In this small-format oil study Pitloo has chosen a high viewpoint, looking out from the shady interior of a vine-clad pergola towards the Castel Nuovo, a noted Neapolitan landmark often referred to as the Maschio Angioino. Facing the viewer are the three distinctive towers of the castle. The towers are flanked at the left by the pinnacle of the harbour lighthouse (Fig. 1). Vesuvius, emitting a light plume of smoke, dominates the background. The study was almost certainly executed en plein air. Pitloo’s handling of the effects of light is highly original in the rendering of the dappled light on the terrace in the foreground and in the treatment of the sun-drenched middle ground and the light-suffused background.
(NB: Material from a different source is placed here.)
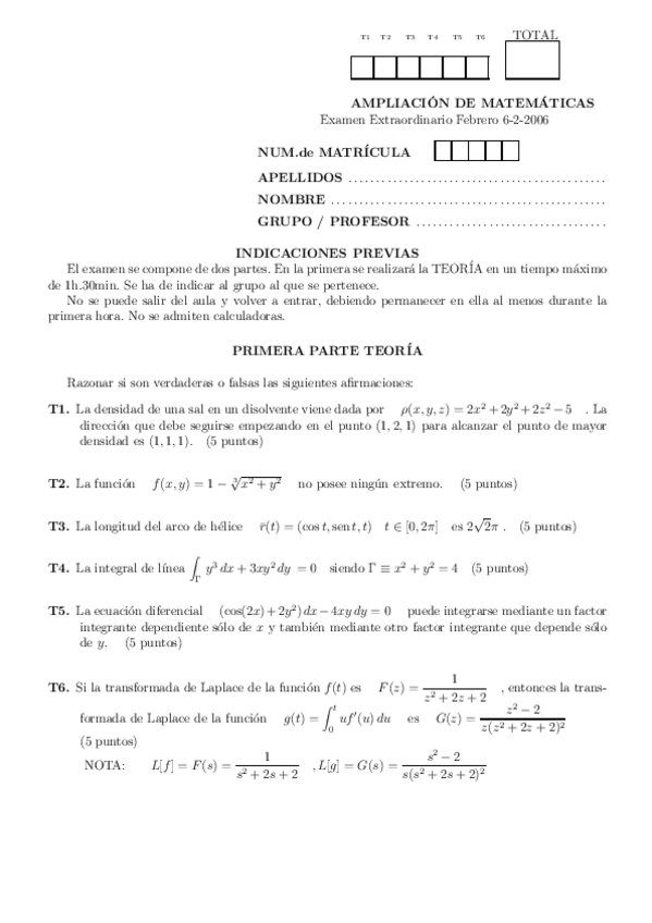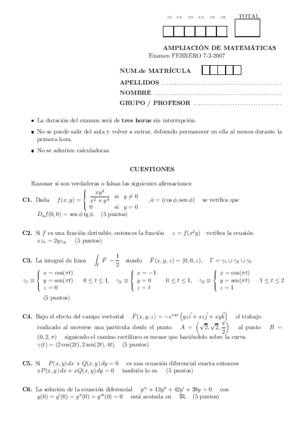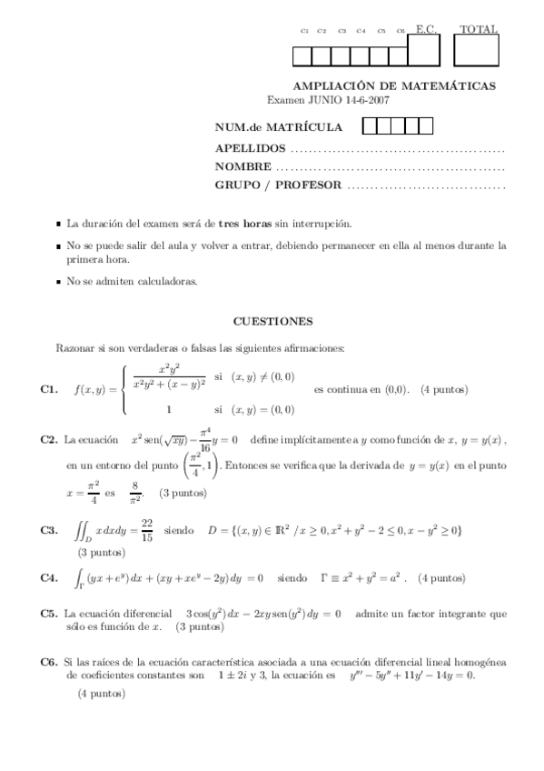 Exámenes 1 Ampliación de Matemáticas

[1] See Marina Causa Picone and Stefano Causa (eds.), Pitloo. Luci e colori del paesaggio napoletano, exhib. cat., Museo Pignatelli, Naples 2004, pp. 89-118.
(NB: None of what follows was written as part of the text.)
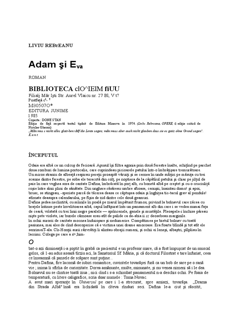 Recenzie Adam Si Eva De Liviu Rebreanu Booknation Ro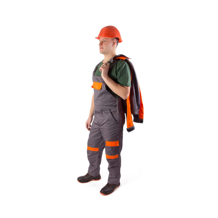 Перед напівкомбінезона з відрізною грудкою, на якій пришита накладна кишеня з клапаном на липучці. Пояс з хлястиками . На передній частині штанів настрочені дві бічних накладних косих кишені. Застібка «гульфик» на ґудзиках. На рівні коліна на передній половинці штанів настрочені об’ємні наколінники з виточками. Над і під посилюючою накладкою ( наколінник) вточено світлоповертаючий кант.

[2] Pasquale Villari, writing in 1855, described the ‘Scuola di Posillipo’ as follows: The splendid climate and magnificent scenery surrounding Naples, together with the many foreigners who are always asking for a drawing or painting as a memento, had spurred on a number of painters. The artists of the Accademia spoke of them somewhat disparagingly as the ‘School of Posillipo’, after the place where they lived in order to be close to their foreign clients. Raffaello Causa, ‘The School of Posillipo - La Scuola di Posillipo’, in 19th century landscape painting in Naples. Giacinto Gigante e la Scuola di Posillip, exhib. cat., National Museum of Archaeology Valletta, 23 November 2000-20 January 2001, Naples 2000, p. 14-5. [La bellezza del clima, i paesaggi stupendi che circondano Napoli e i molti forestieri che ne chiedono sempre qualche ricordo disegnato o dipinto, avevano fatto sorgere un certo numero di artisti i quali, come per disprezzo, erano dagli accademici chiamati della «Scuola di Posillipo», dal luogo dove abitavano per essere più vicino ai forestieri.]
[3] Picone and Causa, op. cit., 2004, p. 44.